TASK DESCRIPTION
Among the entries below, the lines from the one with "ConceptDraw Solution Park." up to and including the one with "- 湖北赛家房车申报了WHR" are to be restated exactly, without pictures.

--------------------------------------------------

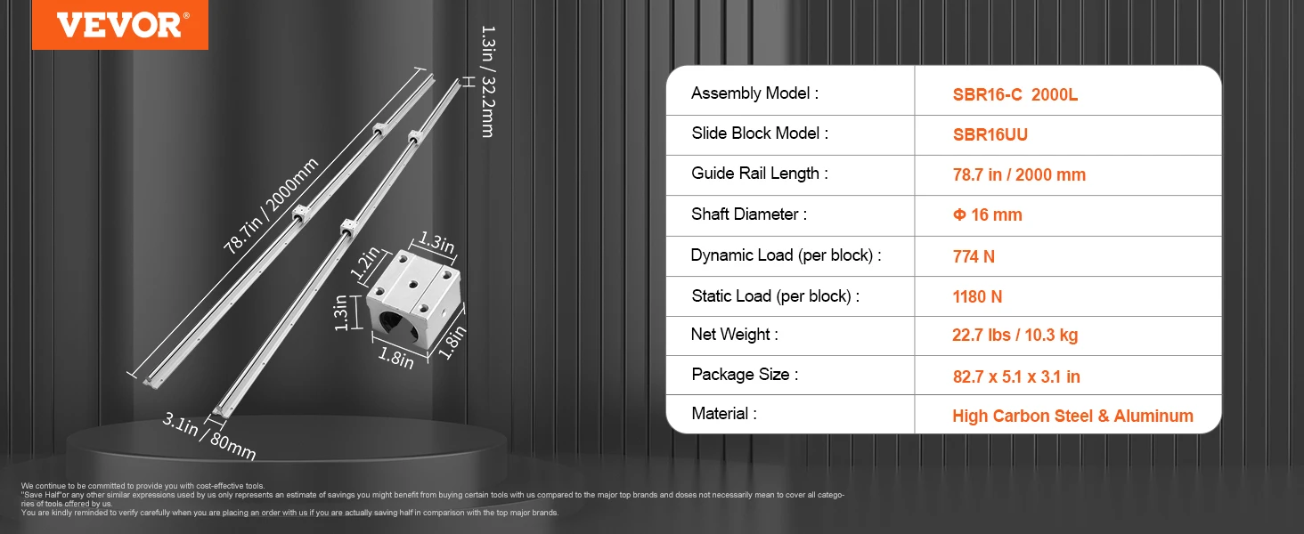 SBR16-2000 mm Linear motion guide rail includes 2 x 78.7 in/2000 mm length SBR16 guide rails and 4 x SBR16UU slide blocks. Dynamic Load Per Block: 774 N, Static Load Per Block: 1180 N.
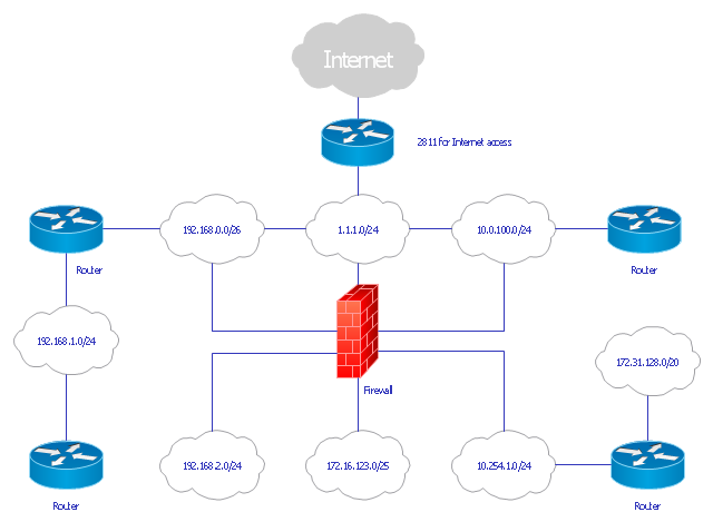 "... logical topology shows how data flows within a network, regardless of its physical design. ... ... mapping the data flow between the components determines the logical topology of the network." [Network topology. Wikipedia] "In a shared media topology, all the systems have the ability to access the physical layout whenever they need it. The main advantage in a shared media topology is that the systems have unrestricted access to the physical media. Of course, the main disadvantage to this topology is collisions. If two systems send information out on the wire at the same time, the packets collide and kill both packets. Ethernet is an example of a shared media topology. ... The token-based topology works by using a token to provide access to the physical media. In a token-based network, there is a token that travels around the network. When a system needs to send out packets, it grabs the token off of the wire, attaches it to the packets that are sent, and sends it back out on the wire. As the token travels around the network, each system examines the token. When the packets arrive at the destination systems, those systems copy the information off of the wire and the token continues its journey until it gets back to the sender. When the sender receives the token back, it pulls the token off of the wire and sends out a new empty token to be used by the next machine." [Logical topology. Wikipedia] This Cisco logical computer network diagram example was created using the ConceptDraw PRO diagramming and vector drawing software extended with the Cisco Network Diagrams solution from the Computer and Networks area of ConceptDraw Solution Park.
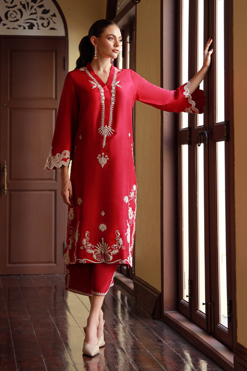 SHIRT: A raspberry, raw silk shirt accentuated with embroidery on the front and sleeve cuffs.
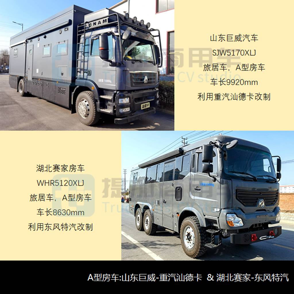- 湖北赛家房车申报了WHR5120XLJ旅居车,利用东风特汽EQ6820ZT6D整车改制,车长8630mm、轴距3475+1250mm,特种客车的三轴6×6型置,GVW=12吨,前9片、后12片板簧悬挂,额定载客9人,搭载东风康明斯4.5L、220马力柴油机,最高车速100km/h。该车采用东风天龙VL前围风格、保留副驾驶门,客舱前部为座椅区,右侧门后布置厨具,并利用封闭式物理隔断对卧具和独立卫生设施进行功能分区,体现出A型房车的大空间优势。
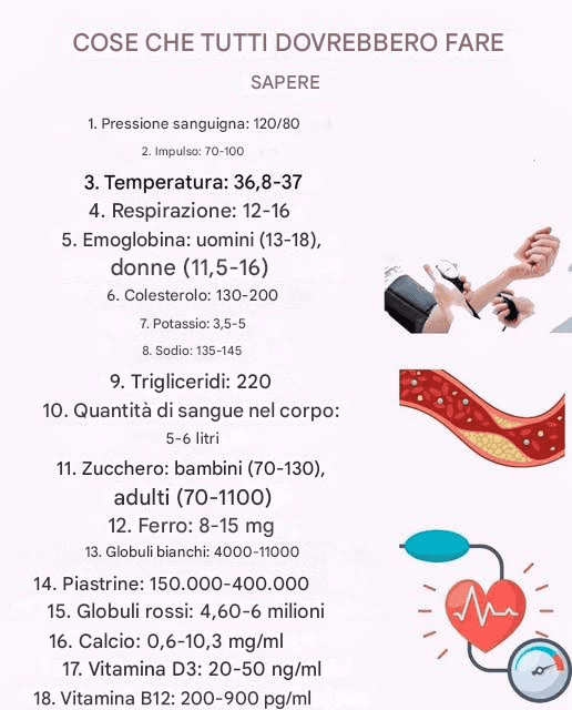 Conoscere determinati valori di riferimento per il corpo umano è essenziale per interpretare i test clinici di base e rilevare tempestivamente potenziali disturbi. Sebbene il consulto con un medico sia sempre necessario per una diagnosi accurata, una conoscenza generale può aiutare a prendere decisioni più consapevoli sul proprio benessere. Di seguito, presentiamo i parametri più importanti e i loro intervalli di normalità approssimativi.

--------------------------------------------------

WRITTEN ANSWER
 "... logical topology shows how data flows within a network, regardless of its physical design. ... ... mapping the data flow between the components determines the logical topology of the network." [Network topology. Wikipedia] "In a shared media topology, all the systems have the ability to access the physical layout whenever they need it. The main advantage in a shared media topology is that the systems have unrestricted access to the physical media. Of course, the main disadvantage to this topology is collisions. If two systems send information out on the wire at the same time, the packets collide and kill both packets. Ethernet is an example of a shared media topology. ... The token-based topology works by using a token to provide access to the physical media. In a token-based network, there is a token that travels around the network. When a system needs to send out packets, it grabs the token off of the wire, attaches it to the packets that are sent, and sends it back out on the wire. As the token travels around the network, each system examines the token. When the packets arrive at the destination systems, those systems copy the information off of the wire and the token continues its journey until it gets back to the sender. When the sender receives the token back, it pulls the token off of the wire and sends out a new empty token to be used by the next machine." [Logical topology. Wikipedia] This Cisco logical computer network diagram example was created using the ConceptDraw PRO diagramming and vector drawing software extended with the Cisco Network Diagrams solution from the Computer and Networks area of ConceptDraw Solution Park.
 SHIRT: A raspberry, raw silk shirt accentuated with embroidery on the front and sleeve cuffs.
- 湖北赛家房车申报了WHR5120XLJ旅居车,利用东风特汽EQ6820ZT6D整车改制,车长8630mm、轴距3475+1250mm,特种客车的三轴6×6型置,GVW=12吨,前9片、后12片板簧悬挂,额定载客9人,搭载东风康明斯4.5L、220马力柴油机,最高车速100km/h。该车采用东风天龙VL前围风格、保留副驾驶门,客舱前部为座椅区,右侧门后布置厨具,并利用封闭式物理隔断对卧具和独立卫生设施进行功能分区,体现出A型房车的大空间优势。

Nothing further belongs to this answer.